Process First, Then Data
Have you ever read something about your industry written by an expert that you just completely disagreed with?
I like to keep up with other BPM software and services vendor blogs and recently ran across a post that advocated starting with data first, then building process models around it. A post by a major BPM vendor, that should know better. But then, they were pushing a new product feature around defining data.
This is just wrong.
It is rare that I see something published in BPM circles that I am in complete disagreement with - rather than having nit-pick differences with - but this was one of those times. The data then process mindset is an old-school waterfall way of thinking. I’ve seen so many BPM projects either fail or get bogged down because the BPM practitioners thought they needed to define all the data before they could build any processes.
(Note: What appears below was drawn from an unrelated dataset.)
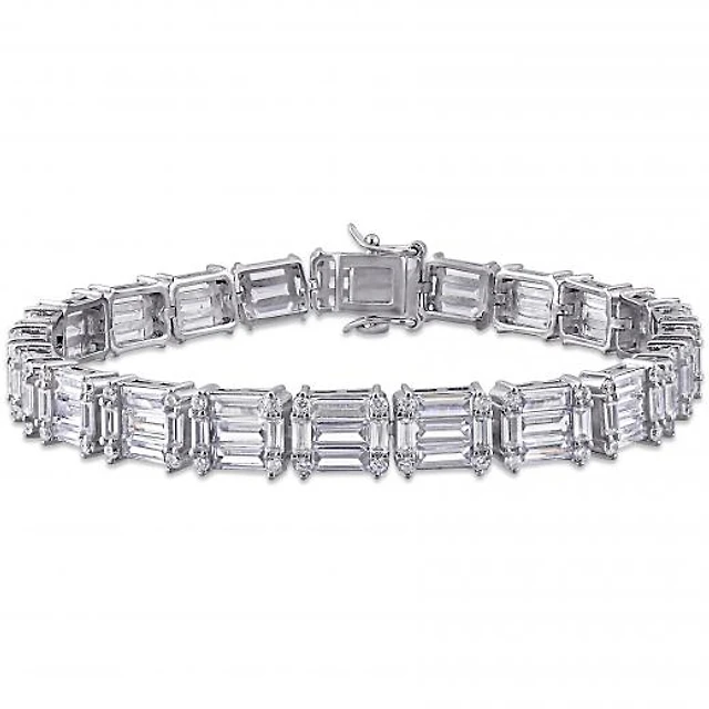 Julianna B Sterling Silver White Cubic Zirconia Oval Tennis Bracelet

Here is What Happens When You Start with Data-First:
- You end up with overproduction by defining data that you don't need because you're still guessing. When you start with all of your data before you define your processes, you end up with lots of data that isn’t needed.
- You miss data elements that you do need. Because you aren’t starting from the requirements of the process, when you do start defining the process, you’ll find that it requires data that isn’t in your definition and schema (or the supporting access services you build around the data).
- Your schema becomes impossible to change. You build schema, then services against that schema, and then queries and pretty soon, you can’t change the schema at all without breaking everything that depends on it. This isn’t about how hard it is to change a database definition; it is about the effects on everything else built on top.
- A data-first approach completely ignores process and how people interact with process. If you’re building a process, this is a problem. Because the process and how people interact with it shapes the way you store the data that supports the process.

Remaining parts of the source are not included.